En Colombia, como lo explica la experta de Dejusticia, Tatiana Andia, los derechos a la salud son muy garantistas y por eso las medicinas, inclusive las que son elaboradas para enfermedades de alto costo como el cáncer, son pagadas con los recursos públicos, con los impuestos. En otros países del mundo hay listas claras que definen que sí debe ser pagado por el Estado y qué no, y con base en esos listados los países regulan los precios de los medicamentos con el único precepto de su eficacia terapéutica.
En Colombia esto no ocurre. Aunque el Ministerio ha sacado listados con el tope máximo de precios a medicamentos para todo tipo de enfermedades-la más reciente incluyó cientos de anticonceptivos-, los precios de las medicinas que ingresan al país son reguladas básicamente por la ley natural del mercado.
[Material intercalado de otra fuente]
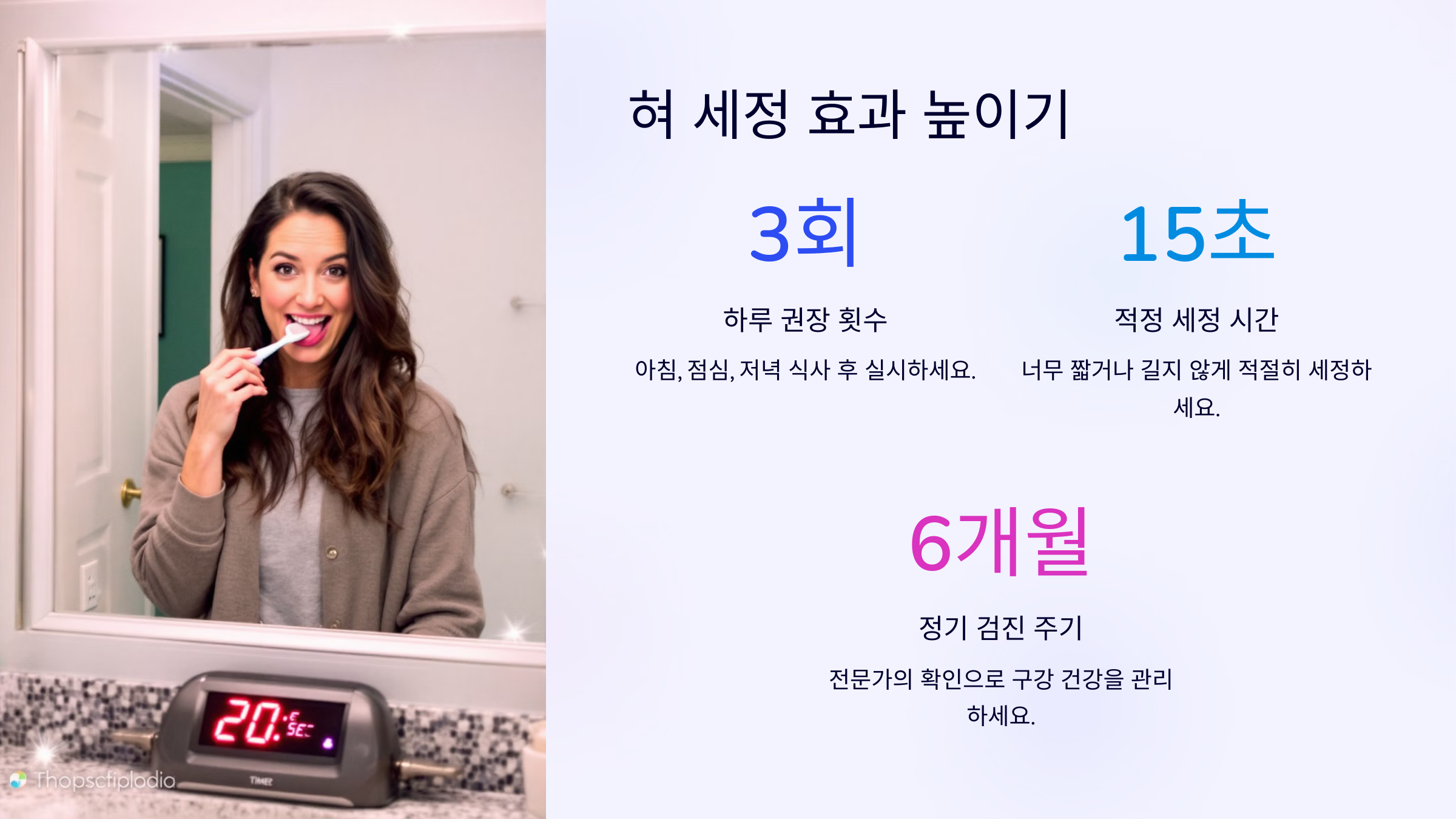 | 기상 직후 | 혀 세정 → 가글 | 야간 세균 제거, 입냄새 완화 |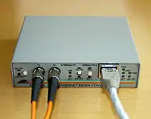 A fiber media converter is a simple networking device that makes it possible to connect two dissimilar media types such as twisted pair with fiber optic cabling. They were introduced to the industry in the 1990s, and are important in interconnecting fiber optic cabling-based systems with existing copper-based, structured cabling systems. They are also used in metropolitan area network (MAN) access and data transport services to enterprise customers.

Y esto, al ser el Estado el principal comprador, causa unos precios altos que se incrementan de acuerdo a la demanda y le produce al Gobierno unos enormes costos.
Gaviria tuvo desencuentros con las empresas colombianas. Profamilia, una de las entidades rectoras de los derechos sexuales reproductivos le dijo al Ministerio en la última resolución de regulación, que el impacto podría ser que las empresas farmacéuticas sacaran del mercado algunos medicamentos anticonceptivos por no poderse vender. La sociedad de ginecólogos y obstetras argumentó que algunos antinconceptivos eran usados por dermatólogos para frenar problemas en la piel y pidió una revisión de algunos de ellos.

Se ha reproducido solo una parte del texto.